Key takeaways and possible next steps
Board diversity continues to be one of the most visible corporate governance topics today. Key constituencies may begin to urge that boards articulate their goals and strategies relating to diversity at the board level, including how the board reflects the diversity of the entity’s workforce, community, and other key stakeholders. As the pressure to diversify boards continues to grow and intensify, boards may begin to take action to address diversity and to prepare to meet the demands and pressures of their constituencies.
Although there is no reasonable and immediate solution to non-diverse board composition, boards can begin to lay the groundwork now that will promote improved diversity in the future. Below are a few specific practices a board can put into operation to promote improved diversity:
- Board questionnaires. To the extent a board utilizes a directors' & officers' (D&O) questionnaire, it should be revised to collect diversity information on the board’s current membership so that the board is able to identify its current diversity and areas where diversity could be enhanced.
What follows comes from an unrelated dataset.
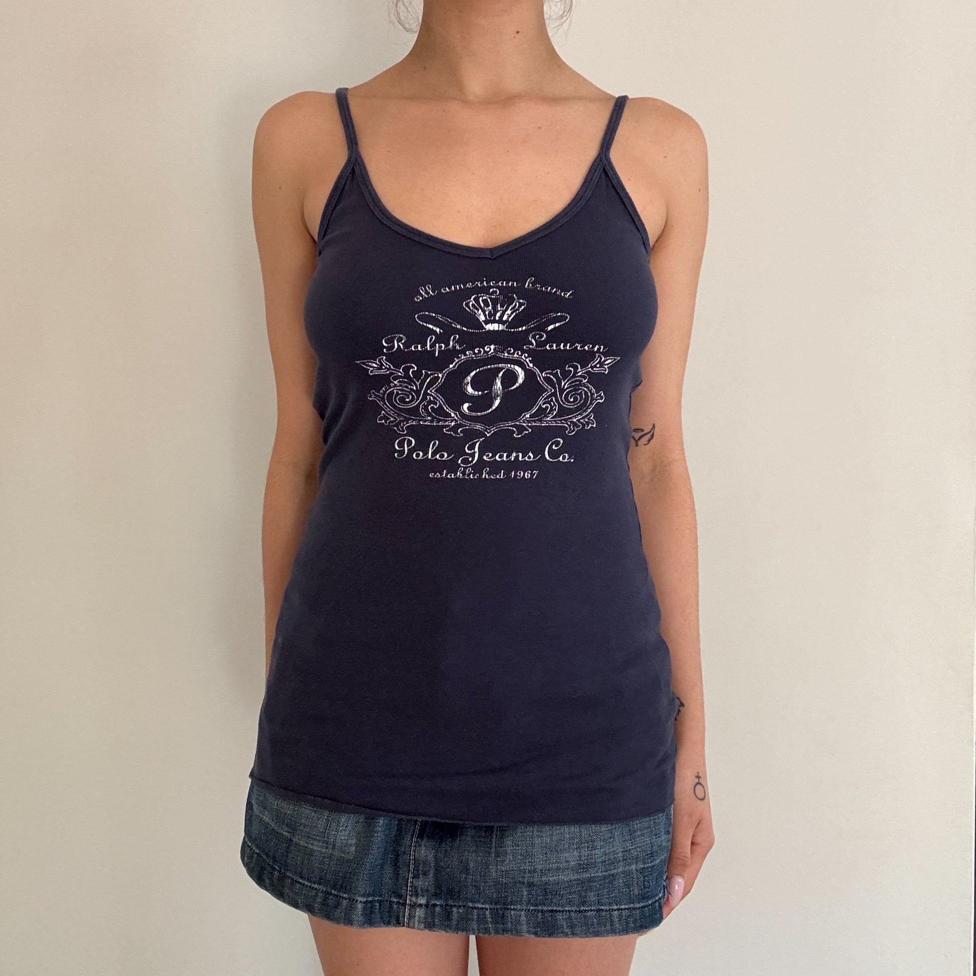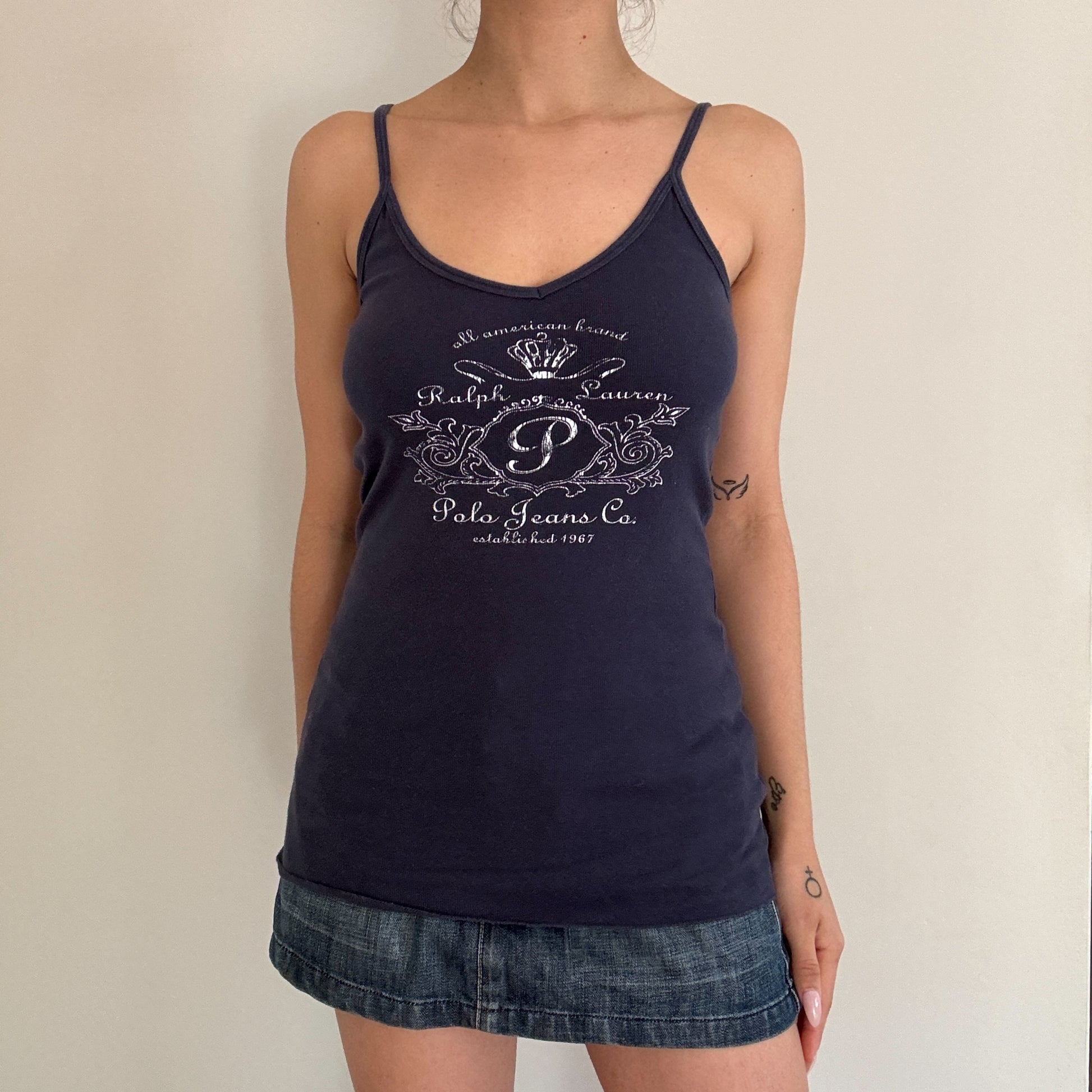 Polo Jeans Ralph Lauren singlet top in navy. Decorated logo emblem graphic. Minimalist 90s basic piece. Stretchy cotton material.
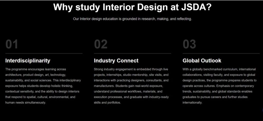 JSDA offers a diverse and forward-looking set of programmes: Bachelor of Architecture (B.Arch), Bachelor of Design (B.Des) – Interior Design, Bachelor of Design (B.Des) – Immersive Experience Design. It also provides global academic pathways through international degree collaborations: Jindal Adelaide Architecture Pathway (B.A./B.Des + B.ArchDes + M.Arch), Jindal Westminster Design Pathway (B.Des + M.A. / M.Sc.).

- Annual self-assessment. Routine self-assessments can help boards think critically about their overall performance as well as matters related to composition, such as succession planning and turnover. A board can use an annual self-assessment to identify areas where diversity could be enhanced and use this information to help identify, recruit, and appoint diverse members.
- Succession planning. Generally, a board should regularly engage in succession planning in the event key individuals decide to leave, or are otherwise unable to serve on, the board. By incorporating diversity considerations into its succession planning a board can begin to identify, recruit, and appoint diverse members.
- Communication. As the pressure to diversify continues to increase, we expect key constituencies, including funders and donors, to urge or otherwise request information on the board’s diversity. Boards should start thinking about how they will publish this information and, if its diversity could be considered inadequate, it should also consider whether it could make any commitments to take or consider further actions to increase diversity.
Disclaimer: This is a general article about changing issues. It should not be construed as legal advice because we are not considering the facts of your specific situation. The opinions provided are those of the individual authors and not the views of Goodwin.